35. BlocPower

Founders: Donnel Baird (CEO), Keith Kinch
Launched: 2014
Headquarters: Brooklyn
$125 million
Valuation: N/A
Key technologies:
Artificial intelligence, cloud computing, Internet of Things, machine learning, digital twins
Previous appearances on Disruptor 50 List: 2 (No. 42 in 2022)

Persephone Kavallines

Brooklyn-based cleantech company BlocPower is squarely positioned with a mission to fight climate change while solving social injustices, focusing on renewable energy, reduction of carbon pollution, and urban redevelopment in lower-income areas.

BlocPower was founded in 2014 by Donnel Baird, the child of Guyanese immigrants, who drew on his experience growing up in the Bedford-Stuyvesant area of Brooklyn in an apartment without well-functioning heating and cooling systems.
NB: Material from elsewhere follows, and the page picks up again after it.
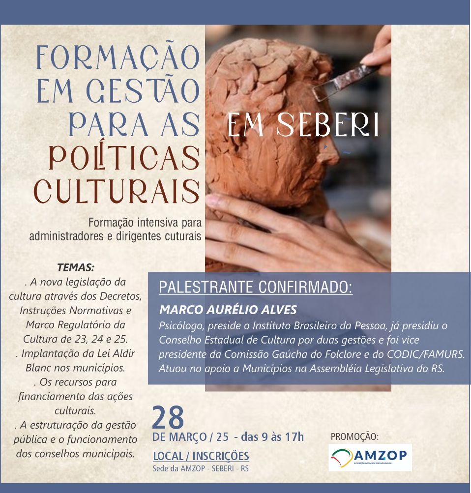 Vamos realizar a Formação em Gestão para Politicas Culturais em Sebeei RS, no dia 28 de Março de 2025, Venha garantir sua vaga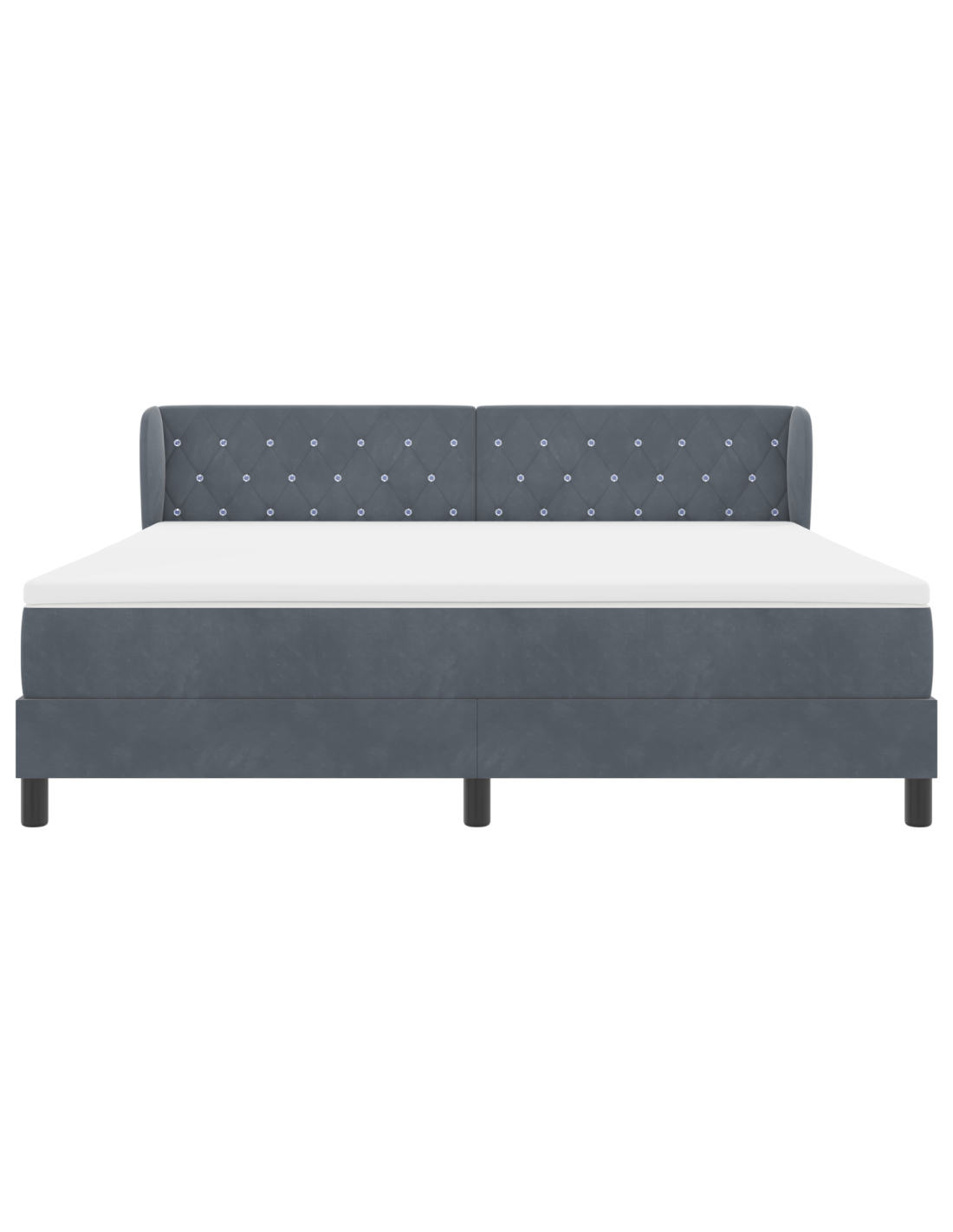 - Componenti Inclusi: Il letto viene fornito con un materasso e un topper per un comfort eccezionale. La testiera, fatta in schiuma e legno massello di pino, fornisce supporto extra per collo e schiena. Le gambe in plastica nera danno stabilità e si abbinano al look moderno.

Now, his social enterprise startup has retrofit more than 5,000 households, commercial buildings and churches with energy-efficient systems that can reduce heating and cooling costs and reduce carbon footprint by transitioning away from fossil-fuel power. This retrofitting of older buildings can lead to major energy savings, 30% to 50%, and a reduction of at least 40% in greenhouse gas emissions, BlocPower says.  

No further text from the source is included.